According to Knight Frank India’s India Real Estate Update for July-September 2021 period, while the second quarter was muted across cities, sales picked up in the third quarter. The number of units sold in Kolkata, Hyderabad, Bengaluru, Chennai and NCR were more than or almost at the same level as the sales in the first quarter.

The strong stock market sentiment continues for 2022—Morgan Stanley expects the Sensex to hit 70,000 in a bull phase, while brokerage Jefferies is overweight on housing in India. The new year is likely to be positive for stock market investors. The Sensex returned 20.03 per cent (year to date) while Nifty returned 22.11 per cent between January 2021 and December 16, 2021. Good times for real estate are expected to roll into 2022 on the back of the market sentiment.

What Should You Do?

Home loan interest rates are low at present and are likely to remain so for about six months or longer. However, these are expected to be revised upwards. “Buyers are also aware of that and are coming forward to buy now,” says Sinha.

While the offers are aplenty in the market, be careful not to be swayed by them. While some of them may offer genuine benefits to the buyer, others may just be marketing gimmicks. So, the homebuyer needs to do the due diligence before taking the plunge. For instance, some developers offer a GST waiver. However, the 12 per cent GST is levied only on under-construction projects and not on ready-to-move homes. If you are settling for the latter, the property may anyway be GST-free.

When it comes to freebies, it makes sense to check if their value can be fully deducted from the price of the property. If it is possible to negotiate a cash discount, go with that instead of a freebie like a phone or furnishings.

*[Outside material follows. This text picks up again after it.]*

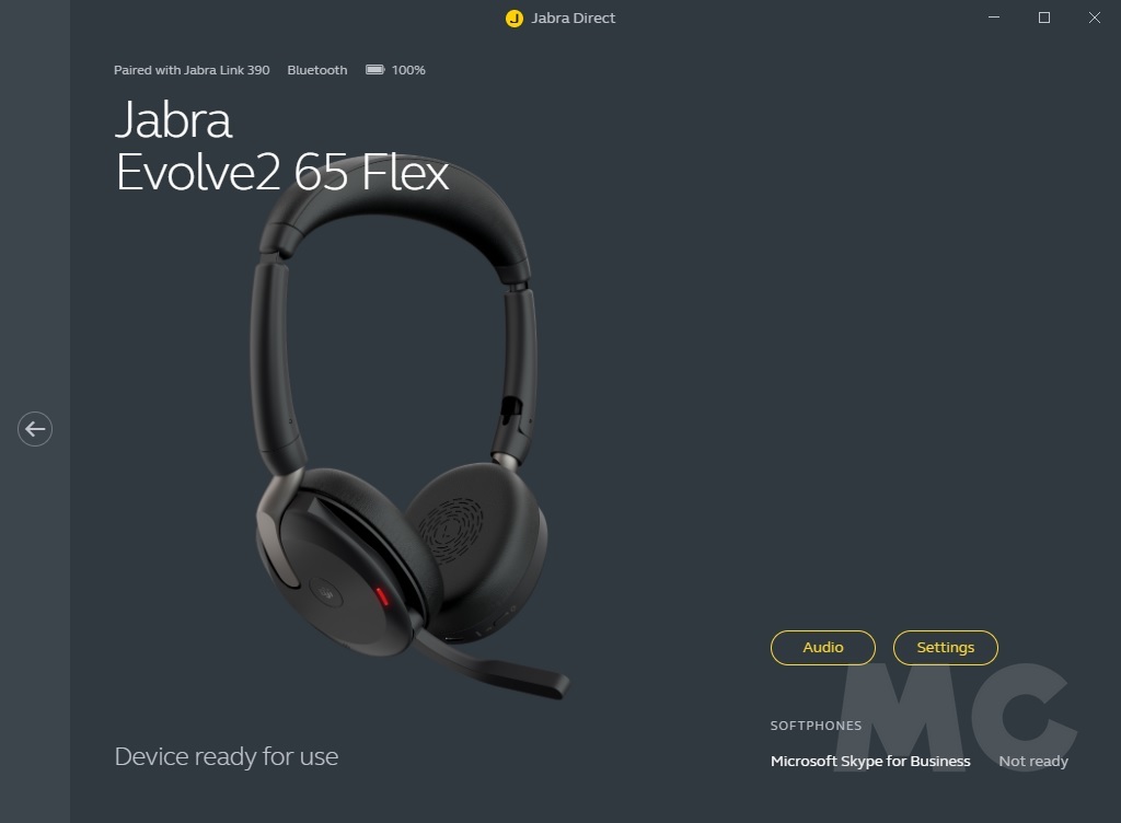En cuanto al software de gestión y personalización, los Evolve2 65 Flex son compatibles con múltiples aplicaciones según el dispositivo utilizado. Jabra Sound+ es la aplicación para smartphones iOS y Android que permite ajustar el ecualizador, configurar los niveles de cancelación activa de ruido y HearThrough, activar la función MySound que adapta el audio al perfil auditivo personal del usuario, y gestionar las actualizaciones de firmware. Para ordenadores, Jabra Direct ofrece funciones similares con opciones adicionales.

Moreover, nominal discounts could be negotiated during the non-festive season as well. So, seek informed opinion on prices without the discounting and then compare the benefits of the festive season offers.

Sales are up but sellers still need to clear stock and close deals, so you may be able to negotiate more. Offers and freebies make more sense if you are already planning to buy a house. Rushing to the decision lured by offers may not be wise. Keep in mind the builder’s credibility, connectivity of the area, proper planning, amenities, and design. Look for a property that suits your needs and budget.